■ TASK OBJECTIVE
With the images removed, return every line below exactly as it reads.

■ DATA SECTION
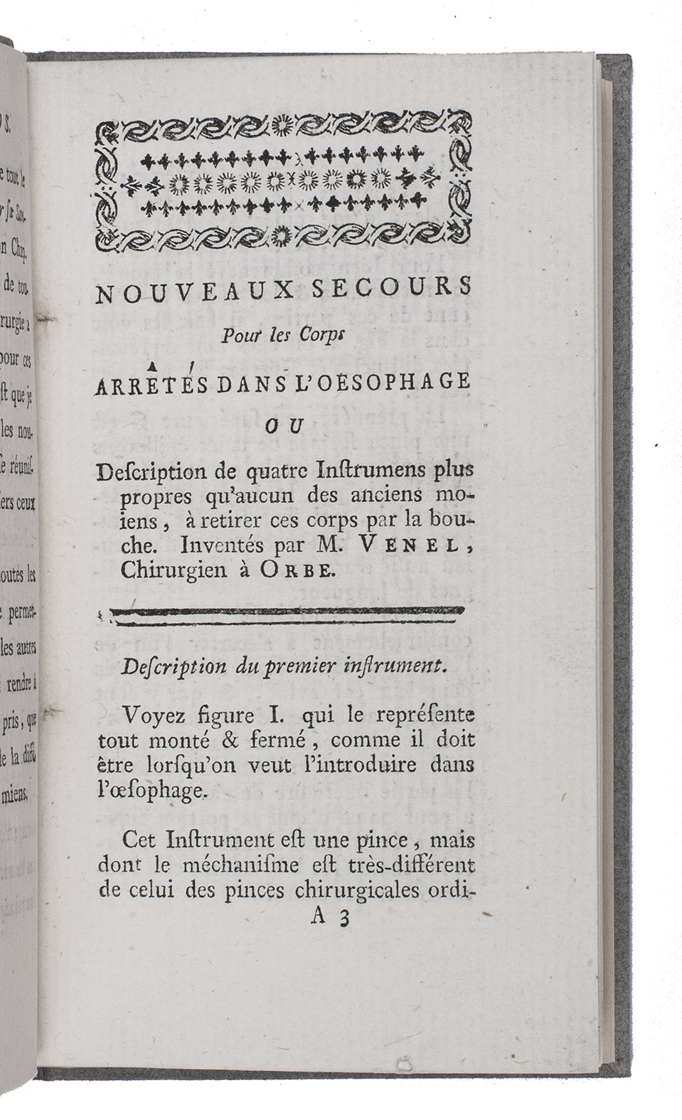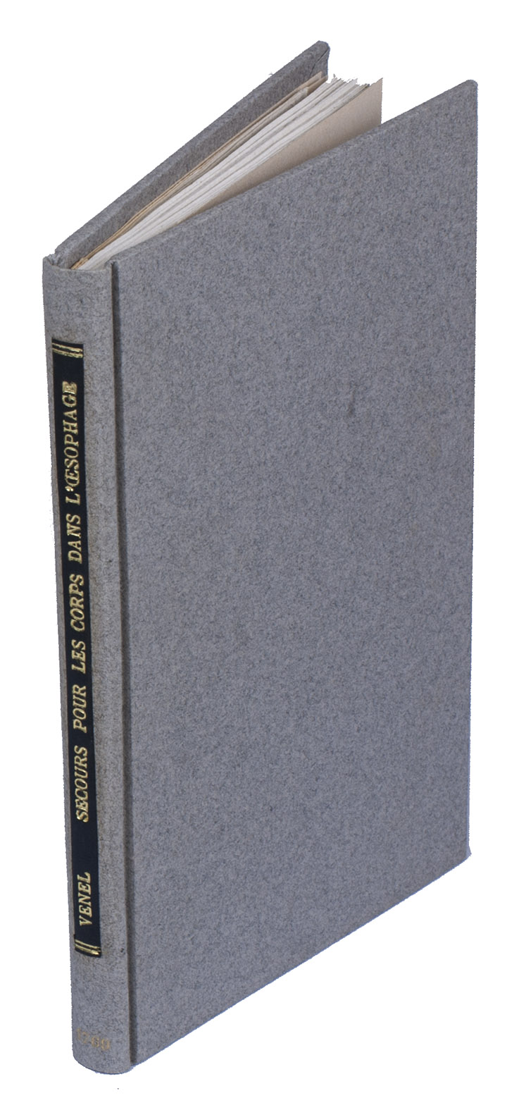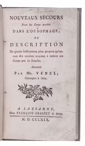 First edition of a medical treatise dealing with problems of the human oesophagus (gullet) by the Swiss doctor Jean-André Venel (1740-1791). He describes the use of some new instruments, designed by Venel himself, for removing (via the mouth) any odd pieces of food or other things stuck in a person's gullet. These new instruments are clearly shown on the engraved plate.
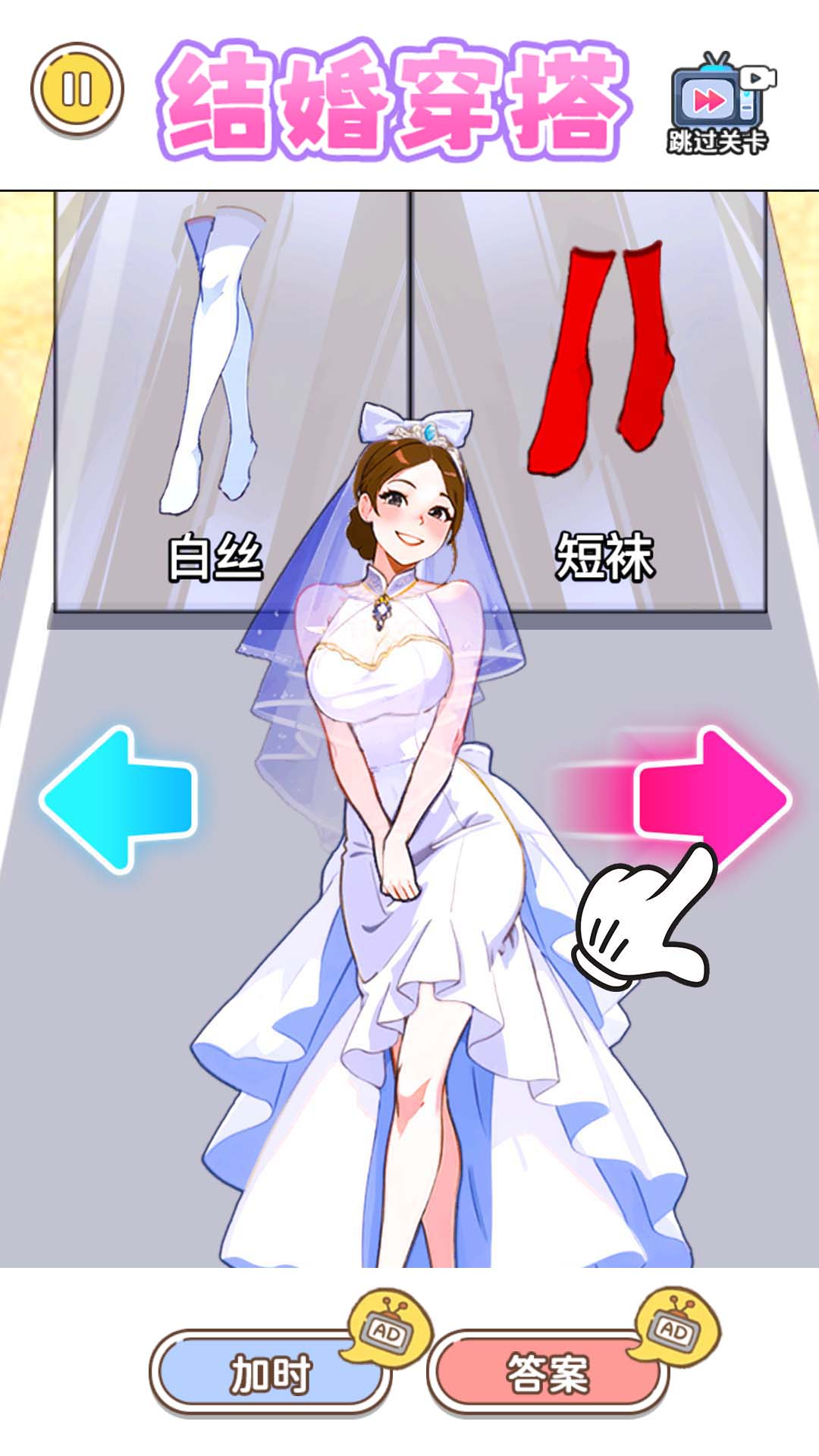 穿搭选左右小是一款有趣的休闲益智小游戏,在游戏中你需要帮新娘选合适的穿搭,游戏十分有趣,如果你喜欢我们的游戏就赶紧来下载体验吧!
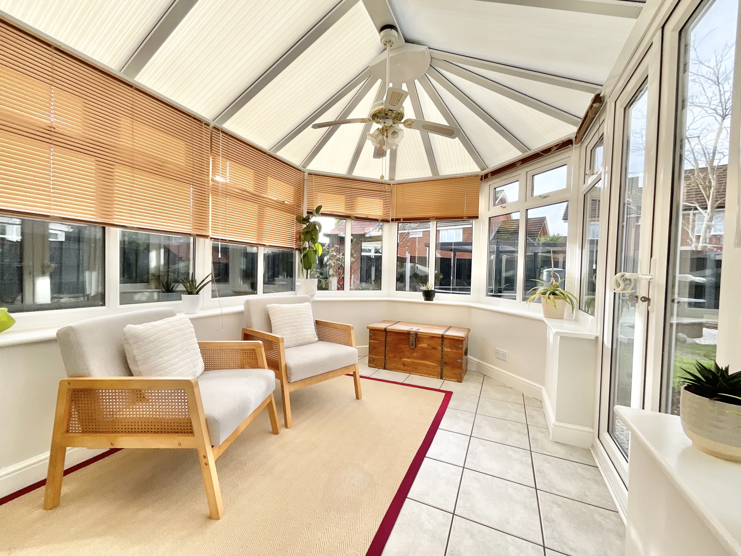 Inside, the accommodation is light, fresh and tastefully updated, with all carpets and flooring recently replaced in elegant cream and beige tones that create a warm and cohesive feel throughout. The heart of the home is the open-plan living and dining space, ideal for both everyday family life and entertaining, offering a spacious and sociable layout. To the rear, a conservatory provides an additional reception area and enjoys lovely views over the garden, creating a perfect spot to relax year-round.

■ YOUR SOLUTION
 First edition of a medical treatise dealing with problems of the human oesophagus (gullet) by the Swiss doctor Jean-André Venel (1740-1791). He describes the use of some new instruments, designed by Venel himself, for removing (via the mouth) any odd pieces of food or other things stuck in a person's gullet. These new instruments are clearly shown on the engraved plate.
 穿搭选左右小是一款有趣的休闲益智小游戏,在游戏中你需要帮新娘选合适的穿搭,游戏十分有趣,如果你喜欢我们的游戏就赶紧来下载体验吧!
 Inside, the accommodation is light, fresh and tastefully updated, with all carpets and flooring recently replaced in elegant cream and beige tones that create a warm and cohesive feel throughout. The heart of the home is the open-plan living and dining space, ideal for both everyday family life and entertaining, offering a spacious and sociable layout. To the rear, a conservatory provides an additional reception area and enjoys lovely views over the garden, creating a perfect spot to relax year-round.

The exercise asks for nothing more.